*** Block opens ***

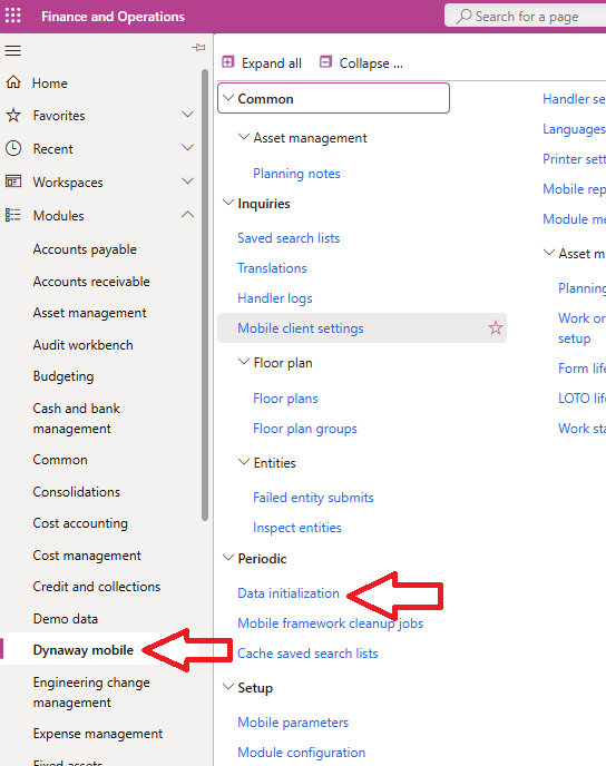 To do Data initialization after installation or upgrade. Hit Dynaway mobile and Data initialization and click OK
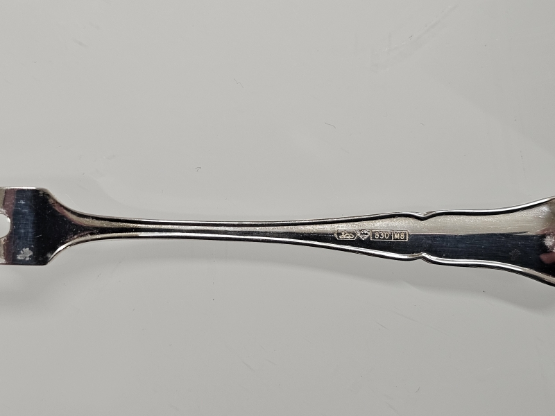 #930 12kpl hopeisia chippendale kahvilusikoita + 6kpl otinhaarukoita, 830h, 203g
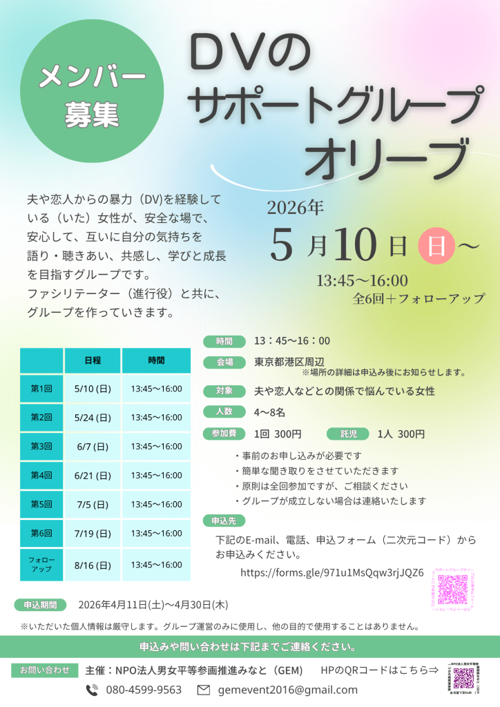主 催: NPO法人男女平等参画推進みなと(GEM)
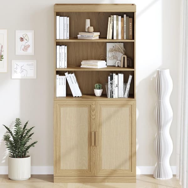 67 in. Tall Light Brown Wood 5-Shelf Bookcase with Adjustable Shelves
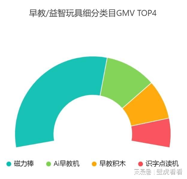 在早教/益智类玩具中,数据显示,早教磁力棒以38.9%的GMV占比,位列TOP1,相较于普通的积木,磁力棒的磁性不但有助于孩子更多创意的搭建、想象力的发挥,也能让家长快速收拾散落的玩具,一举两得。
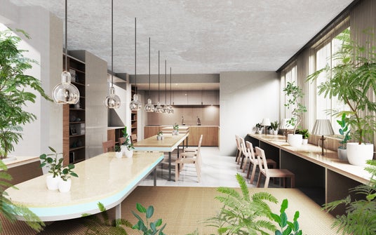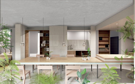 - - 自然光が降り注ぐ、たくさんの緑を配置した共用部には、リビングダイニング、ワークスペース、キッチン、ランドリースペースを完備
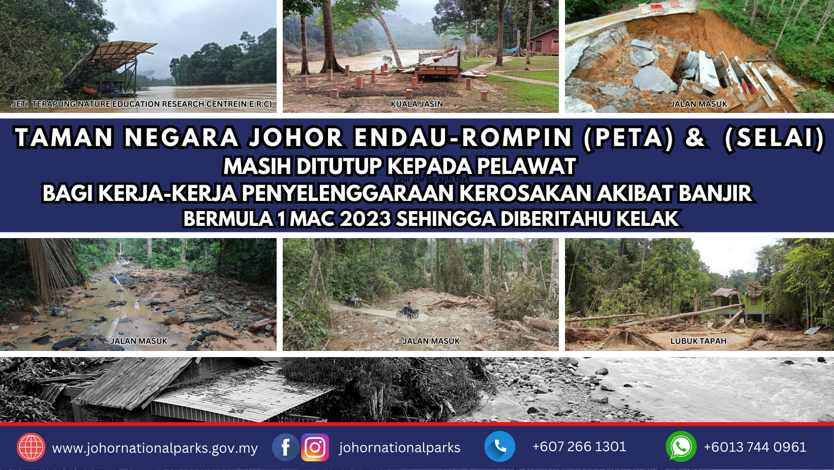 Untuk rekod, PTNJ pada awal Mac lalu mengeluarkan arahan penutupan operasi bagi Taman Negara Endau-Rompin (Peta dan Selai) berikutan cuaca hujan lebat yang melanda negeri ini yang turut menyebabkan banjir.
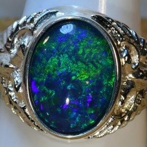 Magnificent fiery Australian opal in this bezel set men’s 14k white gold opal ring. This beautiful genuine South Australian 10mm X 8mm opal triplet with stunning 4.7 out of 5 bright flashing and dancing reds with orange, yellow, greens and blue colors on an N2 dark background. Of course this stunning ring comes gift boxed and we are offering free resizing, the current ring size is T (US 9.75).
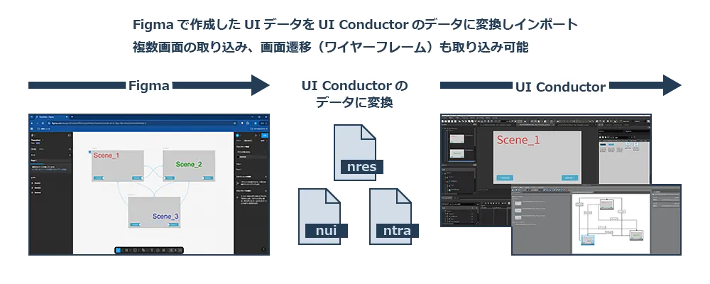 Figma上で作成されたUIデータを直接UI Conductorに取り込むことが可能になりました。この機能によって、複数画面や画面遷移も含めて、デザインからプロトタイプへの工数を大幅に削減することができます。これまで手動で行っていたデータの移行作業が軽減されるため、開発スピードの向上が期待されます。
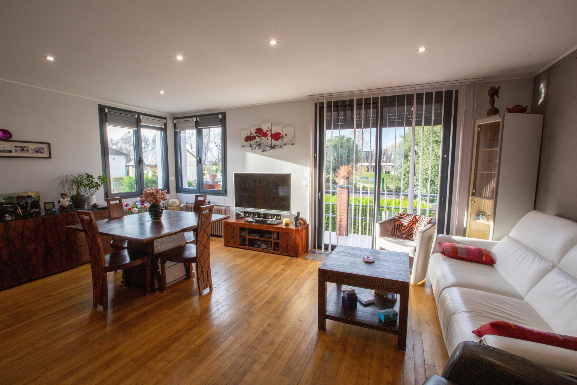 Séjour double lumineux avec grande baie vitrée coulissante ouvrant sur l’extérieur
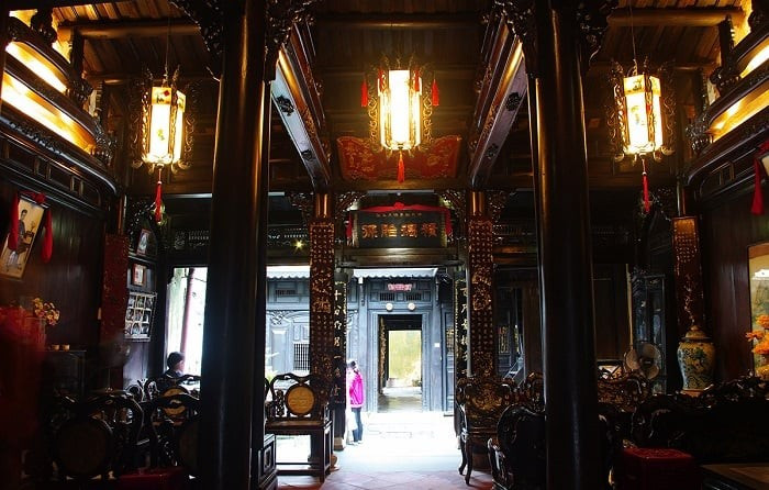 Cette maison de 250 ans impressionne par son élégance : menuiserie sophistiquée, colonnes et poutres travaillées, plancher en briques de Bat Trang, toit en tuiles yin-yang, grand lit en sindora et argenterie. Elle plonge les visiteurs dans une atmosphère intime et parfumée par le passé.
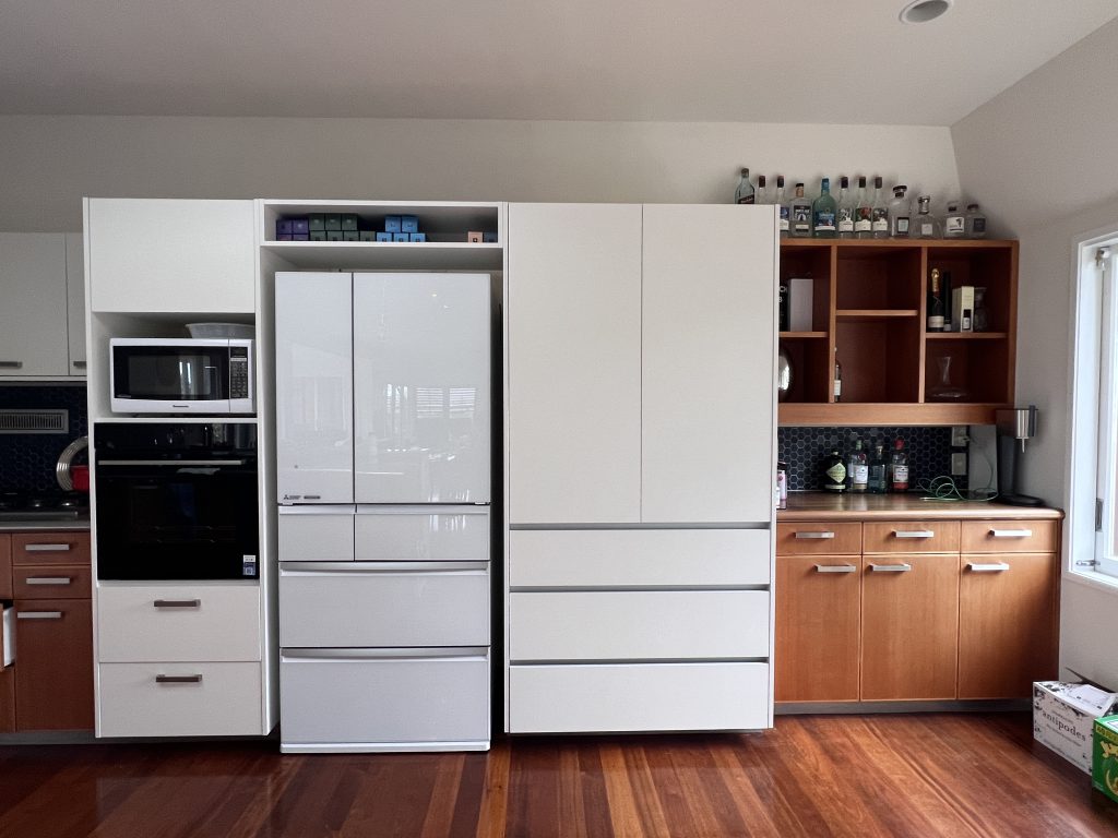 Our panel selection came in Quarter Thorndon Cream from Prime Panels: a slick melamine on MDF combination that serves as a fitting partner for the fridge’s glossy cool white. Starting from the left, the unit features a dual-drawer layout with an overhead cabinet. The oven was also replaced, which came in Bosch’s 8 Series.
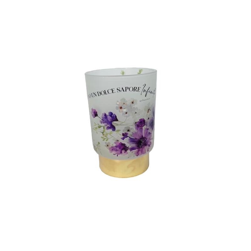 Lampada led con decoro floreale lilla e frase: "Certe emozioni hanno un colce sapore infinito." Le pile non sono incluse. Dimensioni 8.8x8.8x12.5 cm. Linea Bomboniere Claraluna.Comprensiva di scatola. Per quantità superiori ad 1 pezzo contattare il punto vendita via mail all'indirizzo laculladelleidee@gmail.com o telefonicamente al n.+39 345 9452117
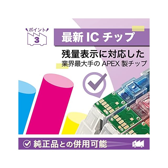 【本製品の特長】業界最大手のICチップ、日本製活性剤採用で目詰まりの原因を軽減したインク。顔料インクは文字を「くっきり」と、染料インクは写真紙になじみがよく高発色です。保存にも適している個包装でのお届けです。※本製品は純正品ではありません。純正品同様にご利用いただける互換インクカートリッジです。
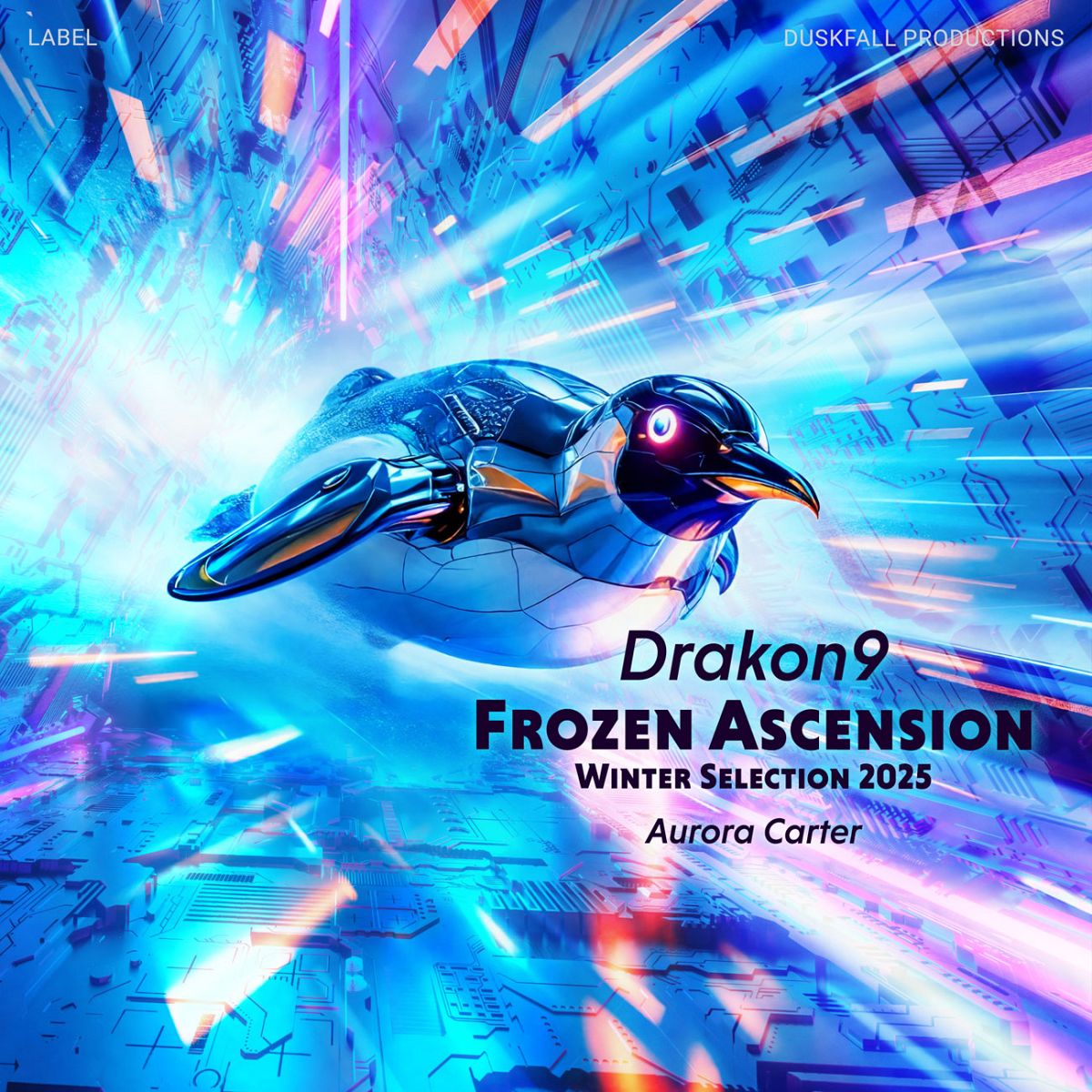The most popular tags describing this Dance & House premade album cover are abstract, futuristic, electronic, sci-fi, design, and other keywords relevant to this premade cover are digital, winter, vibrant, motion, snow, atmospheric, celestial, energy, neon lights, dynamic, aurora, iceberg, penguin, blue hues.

*** Block closes ***

WHAT IS NEEDED:
When copying the listing above, begin at its first line and stop after the line with "Cette maison de", keeping each line exact and dropping the pictures.

RESULT BELOW:
 To do Data initialization after installation or upgrade. Hit Dynaway mobile and Data initialization and click OK
 #930 12kpl hopeisia chippendale kahvilusikoita + 6kpl otinhaarukoita, 830h, 203g
主 催: NPO法人男女平等参画推進みなと(GEM)
 67 in. Tall Light Brown Wood 5-Shelf Bookcase with Adjustable Shelves
 在早教/益智类玩具中,数据显示,早教磁力棒以38.9%的GMV占比,位列TOP1,相较于普通的积木,磁力棒的磁性不但有助于孩子更多创意的搭建、想象力的发挥,也能让家长快速收拾散落的玩具,一举两得。
 - - 自然光が降り注ぐ、たくさんの緑を配置した共用部には、リビングダイニング、ワークスペース、キッチン、ランドリースペースを完備
 Untuk rekod, PTNJ pada awal Mac lalu mengeluarkan arahan penutupan operasi bagi Taman Negara Endau-Rompin (Peta dan Selai) berikutan cuaca hujan lebat yang melanda negeri ini yang turut menyebabkan banjir.
 Magnificent fiery Australian opal in this bezel set men’s 14k white gold opal ring. This beautiful genuine South Australian 10mm X 8mm opal triplet with stunning 4.7 out of 5 bright flashing and dancing reds with orange, yellow, greens and blue colors on an N2 dark background. Of course this stunning ring comes gift boxed and we are offering free resizing, the current ring size is T (US 9.75).
 Figma上で作成されたUIデータを直接UI Conductorに取り込むことが可能になりました。この機能によって、複数画面や画面遷移も含めて、デザインからプロトタイプへの工数を大幅に削減することができます。これまで手動で行っていたデータの移行作業が軽減されるため、開発スピードの向上が期待されます。
 Séjour double lumineux avec grande baie vitrée coulissante ouvrant sur l’extérieur
 Cette maison de 250 ans impressionne par son élégance : menuiserie sophistiquée, colonnes et poutres travaillées, plancher en briques de Bat Trang, toit en tuiles yin-yang, grand lit en sindora et argenterie. Elle plonge les visiteurs dans une atmosphère intime et parfumée par le passé.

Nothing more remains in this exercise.